Implementation of parallel code generating circular ensembles [18], using Mezzadri’s approach [19, 20], is utilized. Using circular ensembles circumvent the need for spectral unfolding [11] too, namely eliminating varying mean eigenvalue density for semicircle law for Gaussian ensembles [11]. Random seeds are preserved for each chunk from an ensemble, so that the results are reproducable both in parallel and serial runs [18]. Three different circular ensembles are generated.

In the paper followed a detailed mathematical formulation of a Circular Unitary Ensemble (CUE) and a Circular Orthogonal Ensemble (COE), that I skip in here. But again this is advanced mathematical physics conceptual tool set of interest.

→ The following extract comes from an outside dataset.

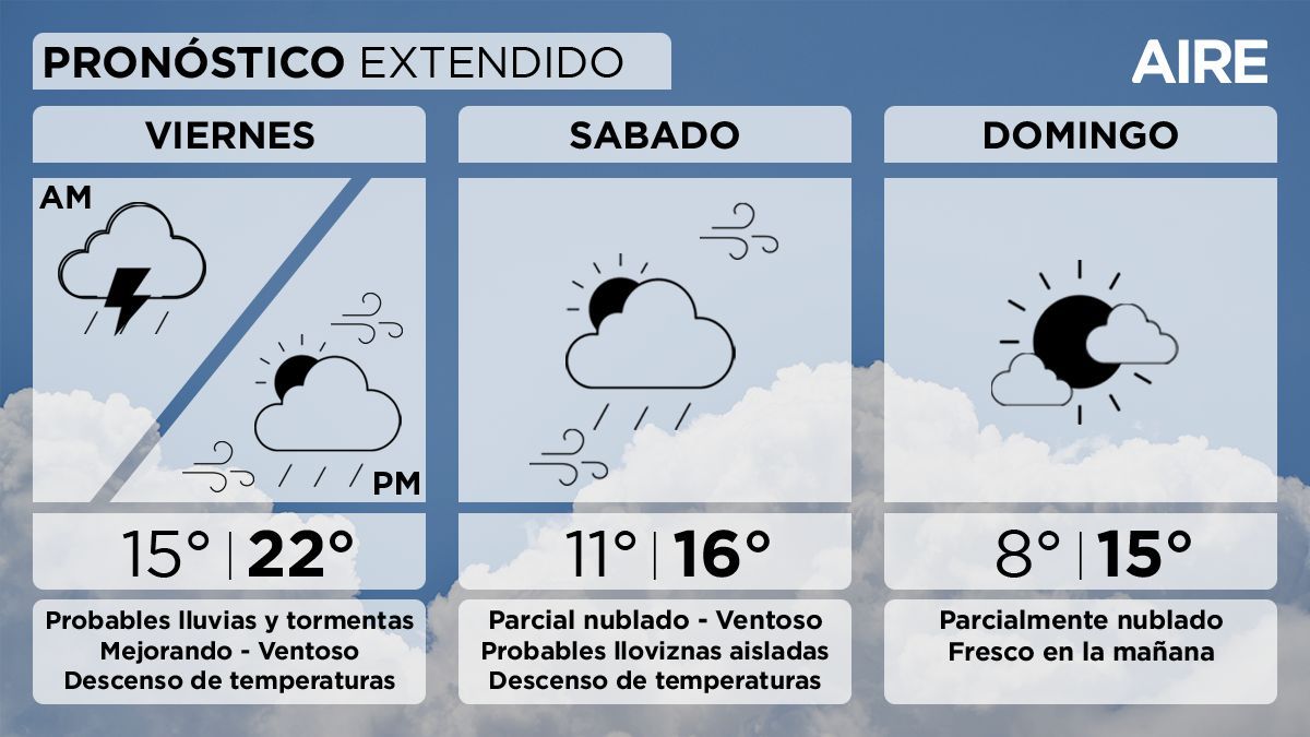 VIERNES: condiciones inestables, con probables lluvias y algunas tormentas en la mañana, pero mejorando desde la tarde. Temperaturas en descenso con mínima de 15° a final de la jornada, 19° por la mañana, máxima de 22° y viento leve a moderado del norte rotando al sur con posibles ráfagas fuertes.

This short but interesting paper revealed to be the perfect way to start the week here in this Blog. It provides one other different approach to deep learning architectures, one where the connectivity of the network and the spectral ergodicity play a role in determining the accuracy in learning by the neural network. This goes against the data centric algorithmic norm, taking risks in pursuit of insight:

Success of deep learning architectures are attributed to availibilty of large amount of data and being able to train multiple layers at the same time [5, 6]. However, how this is possible from theoretical point of view is not well established. We introduce quantification of spectral ergodicity for random matrices as a surrogate to weight matrices in deep learning architectures and argue that spectral ergodicity conceptually might leverage our understanding how these architectures perform learning in high accuracy. From biological standpoint, our results also show that spectral ergodicity would play an important role in understanding synaptic matrices.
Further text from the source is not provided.